Бенебамебень легко превращал день в ночь, утро в вечер, порядок в бедлам, а мысли о спокойной старости – в дверной грохот наряда милиции или бригады скорой помощи, вызванных заботливой, но всегда испуганной соседкой.

– Всё это ты делаешь сам, так что не гони на меня! – весело проскрипел Бенебамебень. – Мне от этого – никакого удовольствия! И вообще – зря ты меня не любишь, Бэррий! Да и логики в этом нет никакой. Вот Буцефал тебе нравится, я – не нравлюсь... А ведь мы с ним, можно сказать, лучшие друзья. И антагонизм, который ты между нами предполагаешь, на самом деле реальных оснований под собой не имеет. Это твой внутренний антагонизм. Боязнь признать тотальный крах многих твоих жизненных порывов и устремлений. А точнее – всех порывов и всех устремлений!

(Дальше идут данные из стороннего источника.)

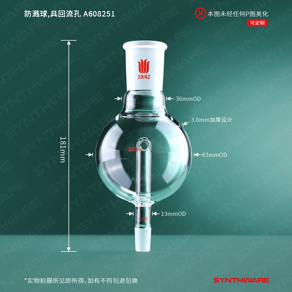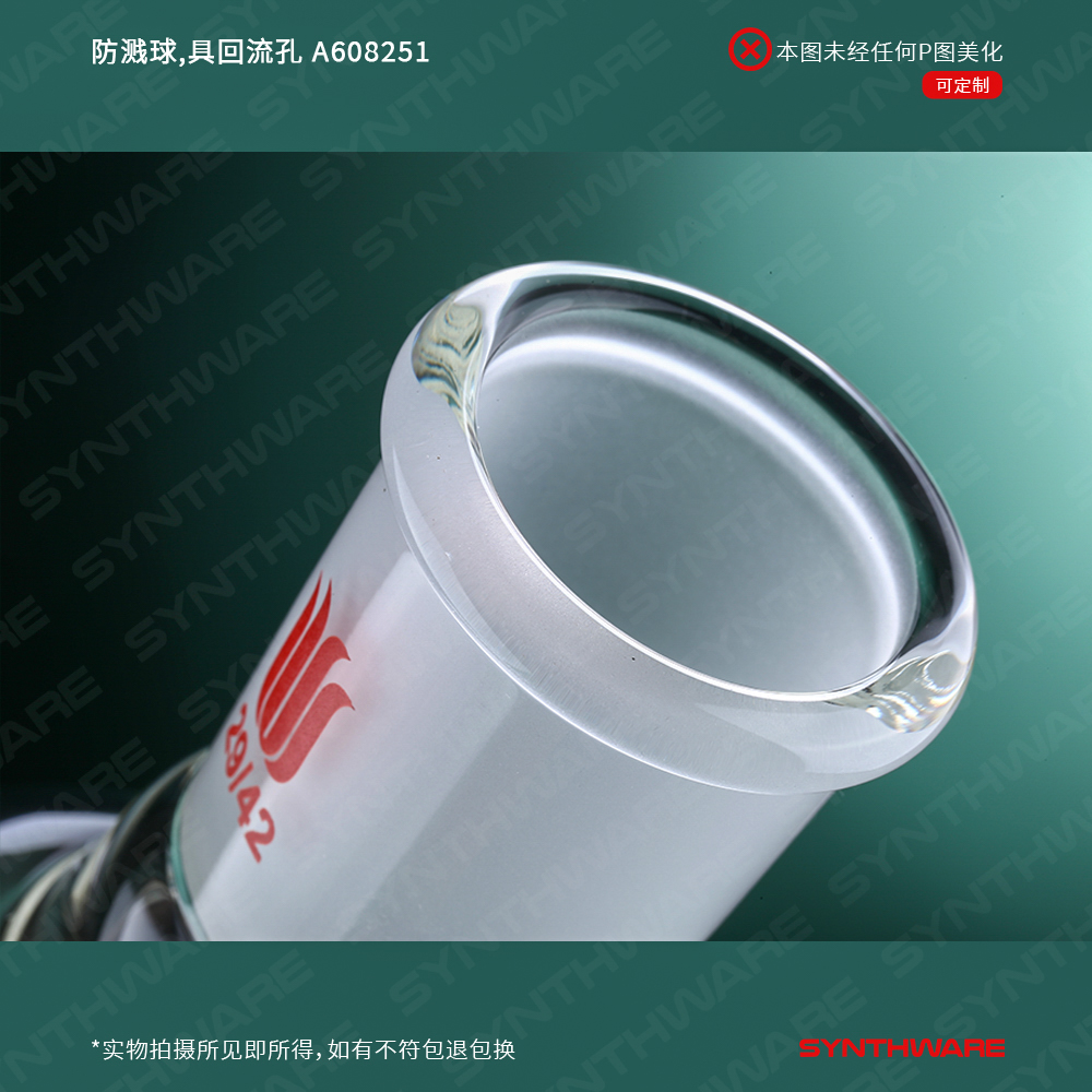 #同心度低于0.5mm 旋转不偏摆 出厂逐一检测,如有质量问题包退包换 #高精度内磨口 由400目金刚砂研磨,锥度1:10经正弦规测试 #外磨口精密加厚工艺 由高精度无心磨制得,加厚设计,不易裂开 #厚壁设计且均匀 耐负压,搭配旋转蒸发仪使用 #具回流孔设计 内管底部有两个4mm的回流孔,可使溶液回流到旋转蒸发瓶内
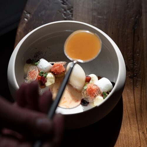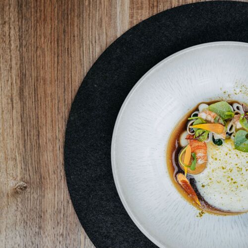 Benoît Vidal is the Catalan chef behind this restaurant done out in a slick contemporary style in the Annecy area. Having completed stints with Michel Trama and Michel Guérard, he has created a light, poetic brand of cuisine that is rooted in the culinary traditions of Savoie, his adopted home. He brings a sense of precision and his own personal style to bear on the rigorously sourced ingredients, elevating them with sound technical skill and elaborate presentations. The strength of this chef may well lie in his pared-down, apparently simple creations showcasing pike, trout and crayfish with understated elegance. Appealing vegetarian set menu ("Sentier à fleur d'eau") and wallet-friendly lunch menu.
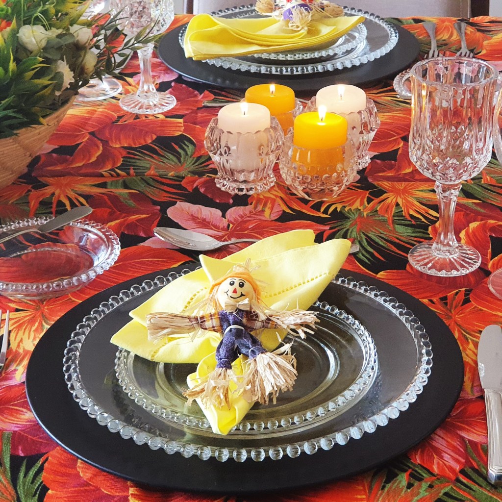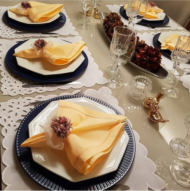 Sim, amo muito tudo isso e amei preparar essa mesa usando jogos americanos quadrados, de linho com bordado richelieu. O azul marinho do sousplat fez a diferança na composição com pratos em porcelana branca, guardanapos amarelos e porta guardanapos feitos por mim, com flores de seda, miolo de pérola e laço de fita de seda furtacor. Para o centro de mesa usei uma barca com sementes do cerrado e passarinhos dourados, símbolizando afeto e união.
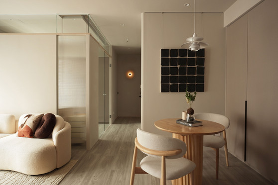 The name of the project, "Spring Buds", comes from the gentle tone of the space and the creamy main visual. 66.1 square meters of the small apartment, the design team injected the aesthetics of the wabi-sabi style into it. They took a creamy tone as the main visual and curves to connect all the corners to bring in natural light, shaping a warm and cozy home for the newlywed couple.

Бэррий молчал и ждал, когда Бенебамебень возьмётся за дело. Теперь он был уже согласен на всё, лишь бы не слышать этого скрипучего лягушечьего голоса. Хотя лягушечьим называть этот голос было, наверное, неправильным, раз уж обычные лягушки не наделены способностью говорить. И значит голос Бенебамебеня – это именно голос Бенебамебеня, голос Буцефала – это именно голос Буцефала, а Голос Розенстерна – это голос Розенстерна…

– Не всё так очевидно, Бэррий! – снова скрипнул Бенебамебень, который, кажется, обладал способностью читать мысли Бэррия Андроновича. – Розенстерна сегодня не будет!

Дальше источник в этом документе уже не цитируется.